Contenido principal

Train LSPI Agent to Balance Discrete Cart-Pole System

This example shows how to train an online least-squares policy iteration (LSPI) agent to balance a discrete action space cart-pole system modeled in MATLAB®. For more information on LSPI agents, see LSPI Agent.

Fix Random Number Stream for Reproducibility

The example code might involve computation of random numbers at several stages. Fixing the random number stream at the beginning of some sections in the example code preserves the random number sequence in the section every time you run it, which increases the likelihood of reproducing the results. For more information, see Results Reproducibility.

Fix the random number stream with seed 0 and random number algorithm Mersenne Twister. For more information on controlling the seed used for random number generation, see rng.

previousRngState = rng(0,"twister");

The output previousRngState is a structure that contains information about the previous state of the stream. You will restore the state at the end of the example.

Discrete Action Space Cart-Pole MATLAB Environment

The reinforcement learning environment for this example is a pole attached to an unactuated joint on a cart that moves along a frictionless track. The training goal is to make the pole stand upright.

Visualization of the cart-pole envrironment, showing a pink rectangular pole on a blue square cart.

For this environment:

  • The upward balanced pole position is 0 radians, and the downward hanging position is pi radians.

  • The pole starts upright with an initial angle between –0.05 and 0.05 radians.

  • The force action signal from the agent to the environment is either –10 or 10 N.

  • The observations from the environment are the position and velocity of the cart, pole angle, and pole angle derivative.

  • The episode terminates if the pole is more than 12 degrees from vertical or if the cart moves more than 2.4 m from the original position.

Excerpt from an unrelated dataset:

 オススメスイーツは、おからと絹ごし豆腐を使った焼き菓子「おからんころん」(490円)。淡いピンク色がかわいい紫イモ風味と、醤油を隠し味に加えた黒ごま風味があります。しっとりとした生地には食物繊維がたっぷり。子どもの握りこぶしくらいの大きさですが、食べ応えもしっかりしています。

  • A reward of +1 is provided for every time step that the pole remains upright. A penalty of –5 is applied when the pole falls.

For more information on this model, see Load Predefined Control System Environments.

Create Environment Object

Create a predefined cart-pole environment object.

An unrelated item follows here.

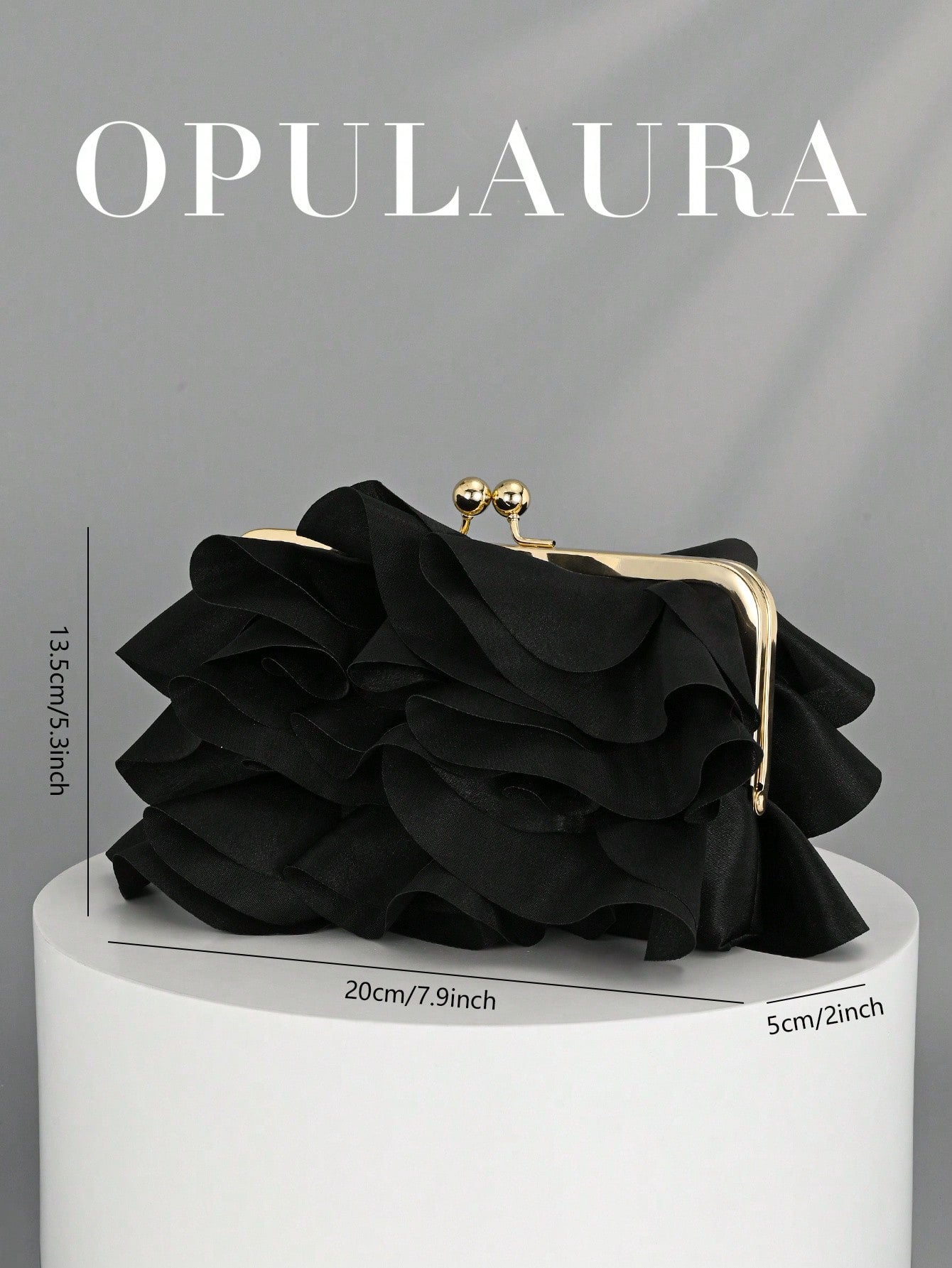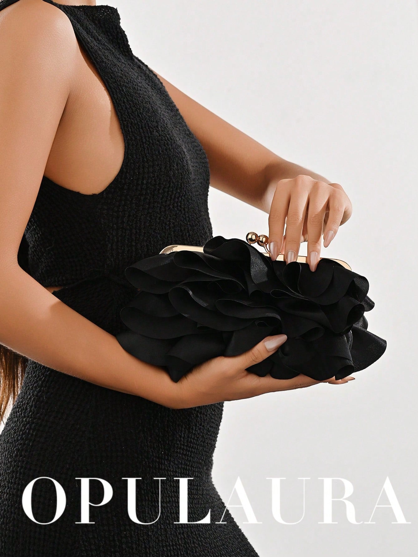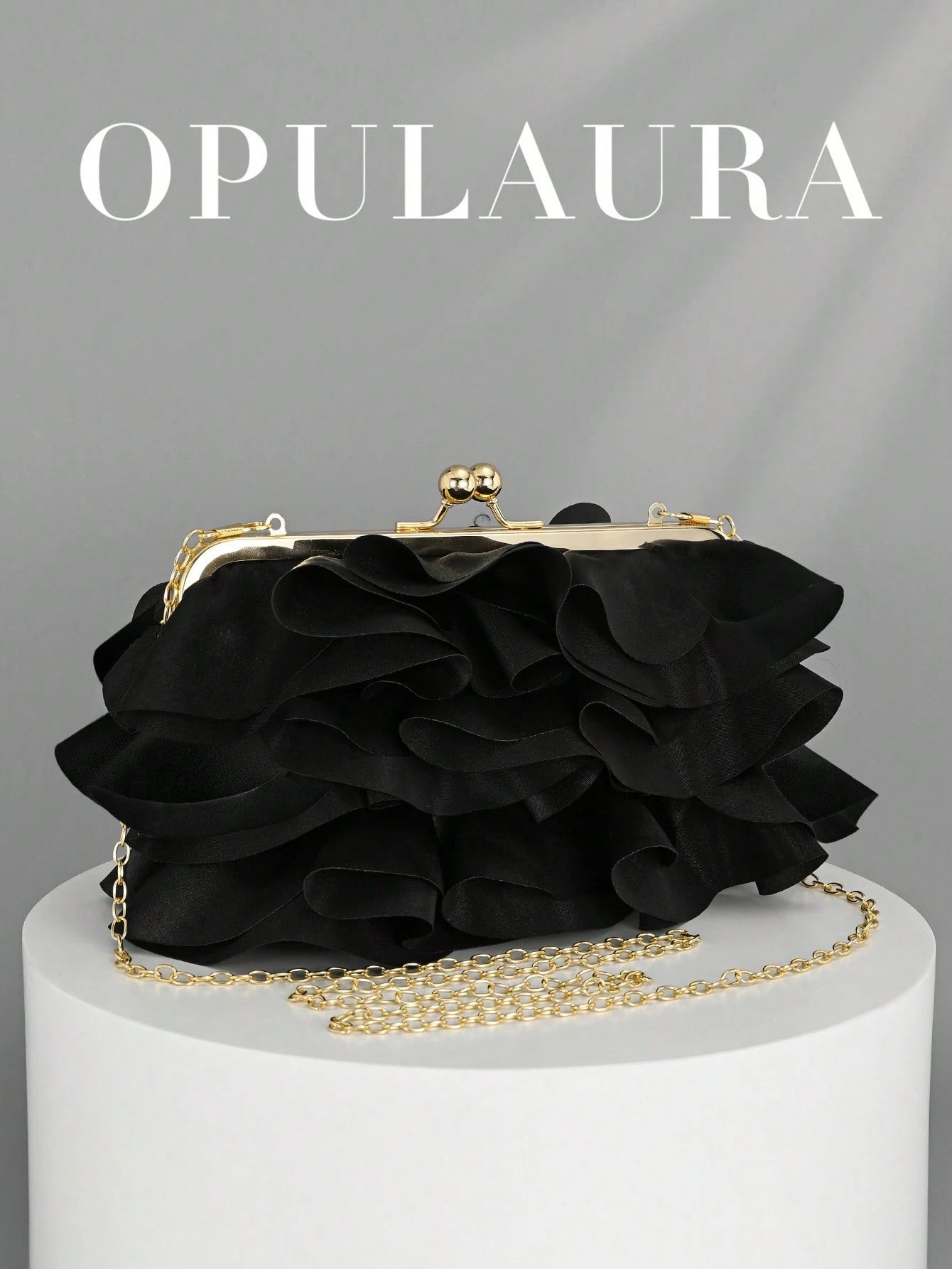 Women’s Petal Clutch – Elegant Ruffle Design Evening Bag with Chain Strap-Black

env = rlPredefinedEnv("CartPole-Discrete")
env = 
  CartPoleDiscreteAction with properties:

                  Gravity: 9.8000
                 MassCart: 1
                 MassPole: 0.1000
                   Length: 0.5000
                 MaxForce: 10
                       Ts: 0.0200
    ThetaThresholdRadians: 0.2094
               XThreshold: 2.4000
      RewardForNotFalling: 1
        PenaltyForFalling: -5
                    State: [4×1 double]

The interface has a discrete action space where the agent can apply one of two possible force values to the cart, –10 or 10 N.

Get the observation and action specification information.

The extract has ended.